Somewhere below are a line with "BOOHOO Black Long" and a later line with "志愿者進行環(huán)境衛(wèi)生保潔。記者周密/攝". Output exactly those lines and all lines between them.

------ DATA SECTION

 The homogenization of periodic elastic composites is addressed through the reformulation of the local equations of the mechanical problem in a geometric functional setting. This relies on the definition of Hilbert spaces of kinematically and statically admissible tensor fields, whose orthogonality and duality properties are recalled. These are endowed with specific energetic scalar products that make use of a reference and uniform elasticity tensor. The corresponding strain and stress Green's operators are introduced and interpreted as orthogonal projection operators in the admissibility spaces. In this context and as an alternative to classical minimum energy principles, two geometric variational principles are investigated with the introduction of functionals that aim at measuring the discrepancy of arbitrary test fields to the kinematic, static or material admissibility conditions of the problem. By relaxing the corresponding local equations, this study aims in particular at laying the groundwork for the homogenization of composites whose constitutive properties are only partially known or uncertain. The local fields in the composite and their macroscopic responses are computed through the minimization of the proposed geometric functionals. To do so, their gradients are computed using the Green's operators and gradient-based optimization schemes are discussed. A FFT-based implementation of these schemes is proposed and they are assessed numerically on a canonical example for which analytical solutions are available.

------------
------ DATA SECTION

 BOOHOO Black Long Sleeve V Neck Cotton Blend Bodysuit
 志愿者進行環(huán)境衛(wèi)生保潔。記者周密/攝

------------
------ DATA SECTION

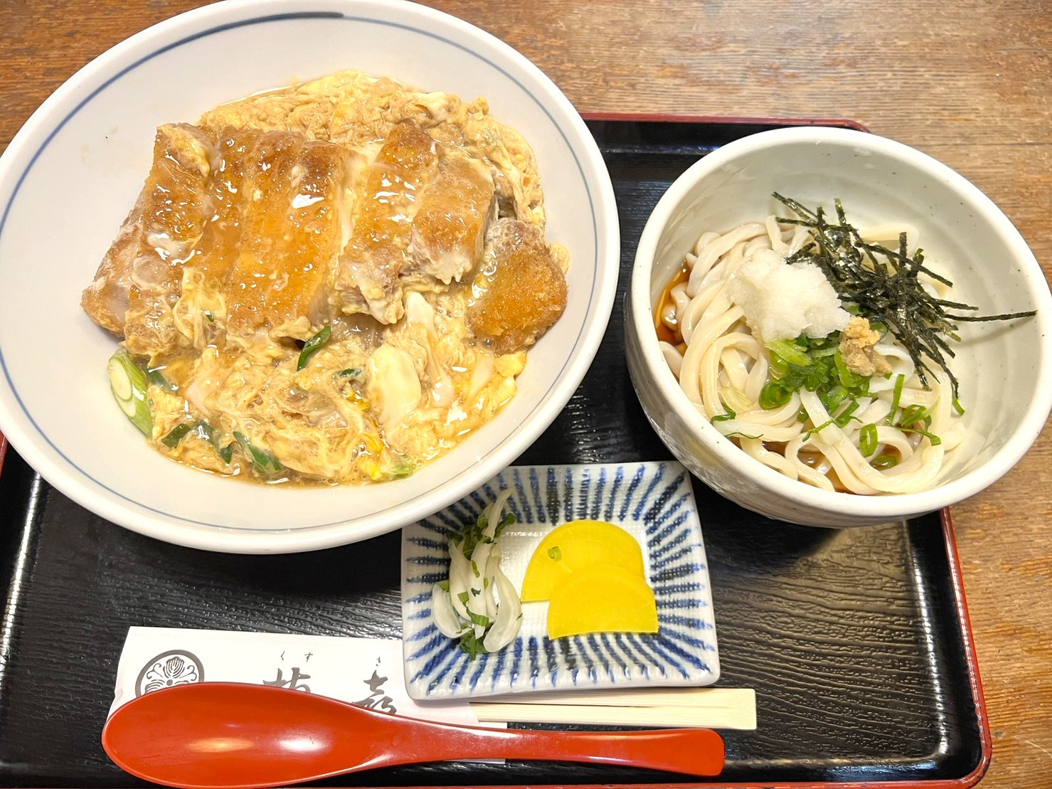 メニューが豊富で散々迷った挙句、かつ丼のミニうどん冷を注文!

------------

◆ COMPLETED TASK ◆
 BOOHOO Black Long Sleeve V Neck Cotton Blend Bodysuit
 志愿者進行環(huán)境衛(wèi)生保潔。記者周密/攝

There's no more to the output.